O partido Liberal, que governa o Canadá, enfrentaria uma derrota humilhante nas próximas eleições, de acordo com projeções. Então veio Donald Trump. Os candidatos à liderança do partido disputavam para mostrar força contra o presidente dos Estados Unidos, suas tarifas e seu desejo de dominar o Canadá —e as classificações nas pesquisas dos Liberais começaram a subir.
Sob o novo primeiro-ministro Mark Carney, com o slogan “Canadá forte”, o partido agora é o favorito para vencer um histórico quarto mandato consecutivo.
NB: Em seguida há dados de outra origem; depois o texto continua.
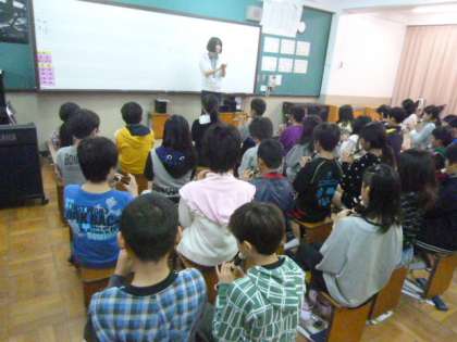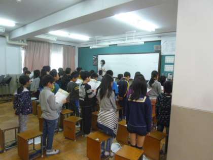 まず,4年生で習ったリコーダー曲「エーデルワイス」を2つのパートに分かれて演奏しました。音の出し方に気をつけて演奏していました。

O ex-chefe do Banco da Inglaterra tornou-se emblemático dos líderes globais que desfrutam de um aumento nas pesquisas após confrontarem Trump. Sondagens em vários países, do México à Ucrânia, mostram que até líderes impopulares como Emmanuel Macron, na França, estão recebendo algum alívio dos eleitores enquanto tentam afastar ameaças, incluindo tarifas, retirada de apoio militar e até a ameaça de conquista pelos EUA.
“Você tem esse valentão que está destruindo o sistema”, diz Nathalie Tocci, diretora do Instituto de Assuntos Internacionais de Roma. “Em vez de apenas se submeterem, esses líderes basicamente se levantam e dizem educadamente ‘não’, e seus eleitores apreciam o fato de que não estão sendo colonizados.”
Canadá
Carney seguiu seu antecessor, Justin Trudeau, ao adotar uma abordagem combativa às ameaças de Trump. O republicano “quer nos quebrar para que a América possa nos possuir. Não vamos deixar isso acontecer”, disse o primeiro-ministro no domingo (23) ao convocar as próximas eleições para 28 de abril.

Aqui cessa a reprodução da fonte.